There are days as a single parent when I swear I can feel the gray hair sprouting through my scalp. I’m like an old man chia-pet. It’s as if I woke up one morning and my angel daughter had borrowed the cloak of an imp, and somehow found a remote control that could mute out my voice. The funny thing about ‘mute’ is that no matter how loud the person on TV is yelling, they still can’t be heard. All the little imps in their shiny black cloaks have a big laugh about that one. “Look at how red we can make their faces!!” they sneer. Ahhh…. to be a tool for a moment in our child’s comedy of power.
Power struggles. I’ll bet that not a day goes by without some form of a power struggle (overt or covert) between parents and their kids. It’s the way we were raised. Parents say: Do “this”, or I will enforce “that” punishment. Kids say: “Naaaaa, I think I like my idea better”. And so the tug of war ensues.
I know that on some utopian planet, parents and kids are getting along effortlessly with one another. There, power struggles are learned of only through fireside stories about their less-evolved ancestors who blew themselves up many millennia ago. We fellow earthlings seem destined to quarrel until we either have an epiphany like our distant neighbors, or until we blow ourselves up fighting one another. In the meantime, how can we manage some of this turmoil in our homes a little bit better?

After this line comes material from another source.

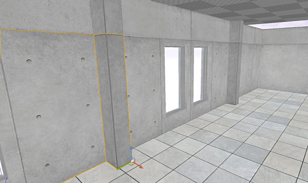 Once the floor and stair have been added and align to each other, I move on to the walls, windows and column:
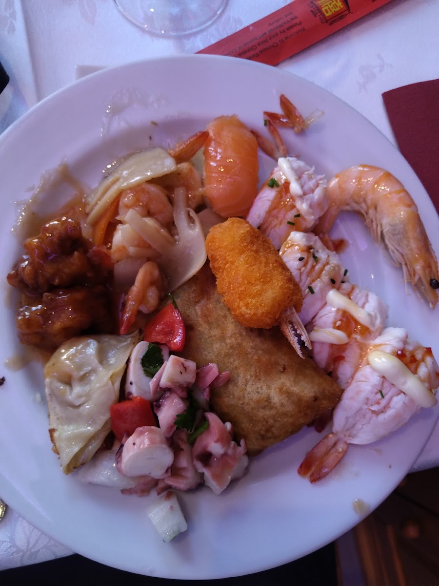 I found this Chinese sushi restaurant by accident during my visa application in Lisbon. I found it only 10 minutes of walking from my location and I went here by walking follow what Google maps told me. It is an all-you-can-eat restaurant where you can eat and come back as many times you want. Please, be wise. It is better to take less food and come back instead of having leftovers food. It is not good for the environment. The sushi somehow is too big. I almost never touched the sushi section. I am more to rhe fruits and Chinese food section. The dumplings are good. The fruits are fresh and delicious. The price is inexpensive for a buffet restaurant. The drink is not included but the price for coke is still reasonable. The restroom is free. They accept payment in cash or multibanco. The lady gives us a small accessories after the payment. It is a sweet gesture of her.

- Make time for yourself. This statement should be tattooed backwards on every single-parent’s forehead. When we take the time to recharge our batteries, we have more to offer our darling children. When we neglect our own needs, the little things our kids do to bug us become more significant than need be. Think about it for a second. It is a win-win for all involved if we spoil ourselves a little bit every day (or week). Take your guilt and put it in the trash. Your kids need you to fulfill your needs!
- Play with your kid. Sounds too simple, I know. But getting down on their level and sharing the moment with them allows them to feel your love, interest and care. They will appreciate you for it and it will help discharge emotional tensions between you. How?? By connecting with your kid on their level, you are giving them what they need (your attention), plain and simple. When we get what we need, tension often releases from many areas of our lives simultaneously.

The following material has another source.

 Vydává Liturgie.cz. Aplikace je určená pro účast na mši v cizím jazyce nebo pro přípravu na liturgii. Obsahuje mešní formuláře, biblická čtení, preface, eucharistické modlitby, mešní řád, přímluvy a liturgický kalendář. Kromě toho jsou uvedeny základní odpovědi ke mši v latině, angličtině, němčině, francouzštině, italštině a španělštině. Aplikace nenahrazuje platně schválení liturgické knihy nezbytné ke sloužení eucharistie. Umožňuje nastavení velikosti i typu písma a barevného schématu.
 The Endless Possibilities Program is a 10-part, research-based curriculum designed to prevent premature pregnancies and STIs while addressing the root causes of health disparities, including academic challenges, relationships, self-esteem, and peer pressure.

- Ok, here’s a weird one. Roll-play. Allow your kid to boss you around every once in a while for fun. This will force you to drop into “kid zone” and permit them to act out some of their unexpressed frustration playfully. Not only can this give them a sense of power that they are not used to, it could enable you to see yourself as a parent more clearly through their actions. While you play, pay special attention to what comes up. Allow them the freedom to play however they want (within reason, of course). Remember, THEY are the boss during this time, not you. Try it for 10 minutes at a time and see how it feels.
Next time the push & pull of those power struggles starts to make you feel like a gray-haired chia-pet, try out one of these ideas. If while reading this post you thought of some ideas of your own, great! Take action on them! It is nice to know that when we hit a wall, we don’t have to keep running back into it. There are always steps we can take in the moment to navigate around our challenges.